Union Pacific: The Year 2015 In Review

The year 2015 has been a fairly challenging one for Union Pacific, with significant top line pressure as a result of declining shipments and fuel surcharge revenue. Falling shipments of coal and frac sand have primarily been responsible for the decline in Union Pacific’s shipment carloads. The decline in diesel prices as a result of weakening crude oil prices negatively impacted the company’s fuel surcharge revenues as well. However, on the cost side, lower fuel prices helped Union Pacific lower its expenses, and along with its productivity enhancement measures, helped the company report a better operating ratio in the first nine months of the year (operating expenses as a percentage of revenue). In this article, we will look back at the how the year 2015 panned out for Union Pacific.
Declining Shipments
Union Pacific’s shipments declined roughly 6% year-over-year in 2015. The main reasons for the decline in shipments have been lower shipments of coal and petroleum products.

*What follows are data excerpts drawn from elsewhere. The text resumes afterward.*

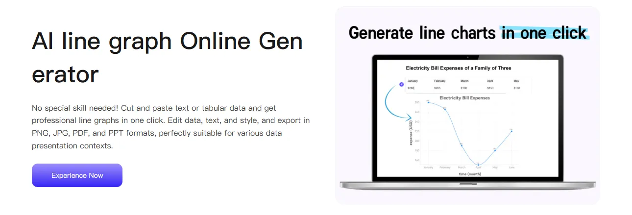 使用AI生成折线圖可幫助您完全擺脫手動計算坐標和無休止調整線條樣式的痛苦手動計算坐標和無休止調整線條樣式。無論您是追蹤月度銷售額、記錄實驗數據還是分析用戶增長,只需粘貼文本,幾秒鐘內即可獲得乾淨、專業的折線圖—隨時可用於報告或作業中。
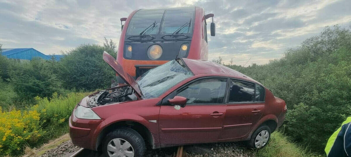 9 сентября автомобиль Renault столкнулся с поездом. Водителя машины обвинили в нарушении ПДД. По версии ГАИ, он выехал на переезд на запрещающий сигнал.
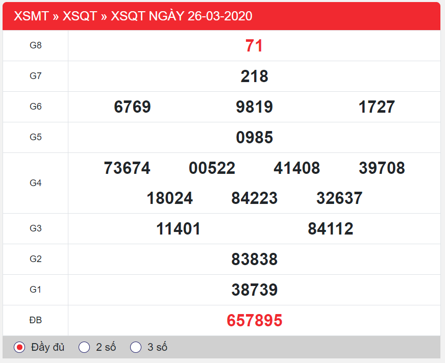 Để có được những nhận định soi cầu XSQT chính xác nhất, mời anh em xem lại kết quả xổ số tỉnh Quảng Trị lần quay trước

Declining demand for coal from utilities drove down Union Pacific’s shipments of the commodity. Low natural gas prices and a crackdown on power plant carbon dioxide emissions by the federal government, have quickened the pace of adoption of natural gas as the fuel of choice for electricity generation in the U.S., undermining the demand for coal. New regulations envision a 32% reduction in power plant carbon dioxide emissions from 2005 levels by 2030, which is bad news for coal since the carbon dioxide emissions intensity of coal is much higher than that of natural gas. Coal’s share of U.S. electricity generation stood at 35% in Q3 2015, down from 38% in the corresponding period of 2014. Union Pacific’s coal shipments stood 18% lower on a year-over-year basis in the first nine months of 2015.

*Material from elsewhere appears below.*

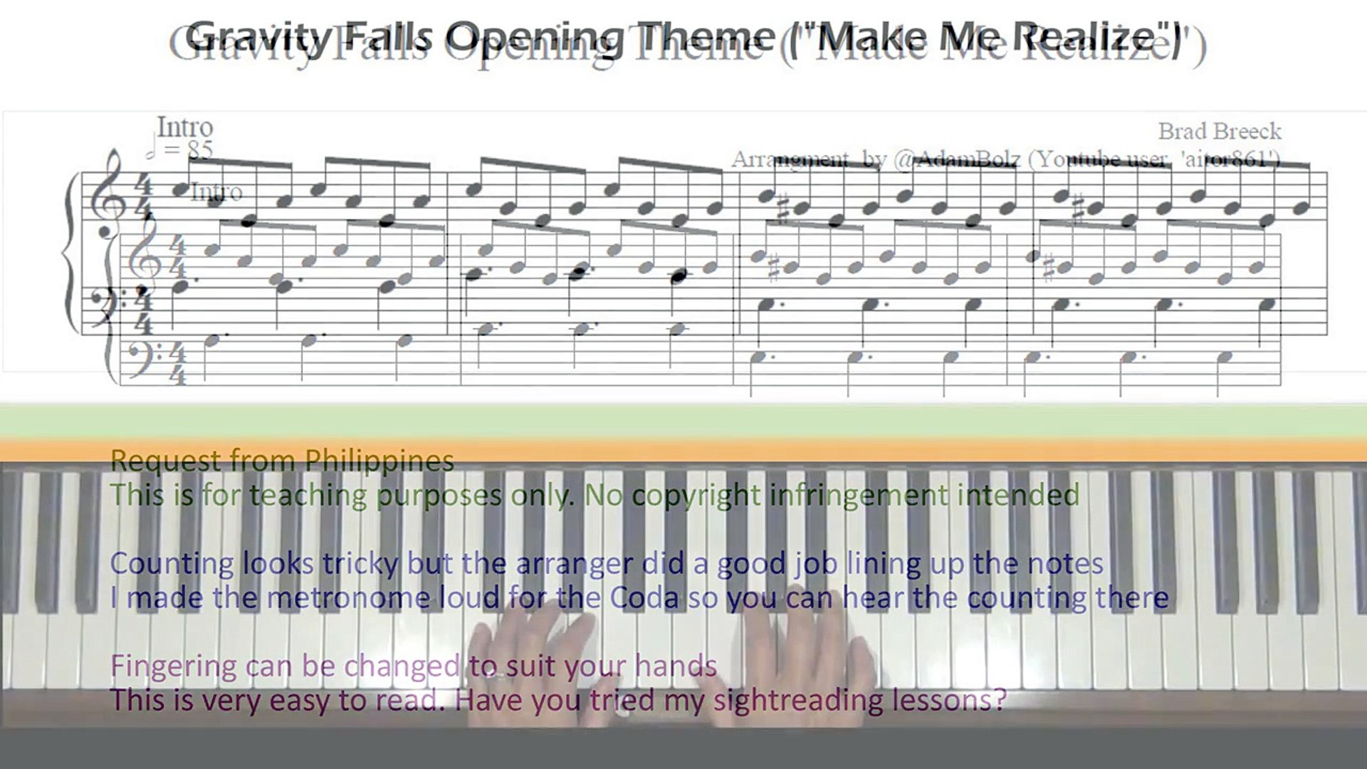 Piano Tutorial Easy Gravity Falls Main Title Advanced Sheet

Weakness in oil prices, as illustrated by the chart shown above, has negatively impacted drilling activity in the U.S. This was responsible for the decline in Union Pacific’s shipments of frac sand, which is used in hydraulic fracturing. The weakness in drilling activity also negatively impacted the company’s steel shipments, which were further negatively impacted by competition to the domestic steel industry from steel imports. The combination of these factors resulted in a 10% decline in the company’s industrial products shipments in the first nine months of 2015.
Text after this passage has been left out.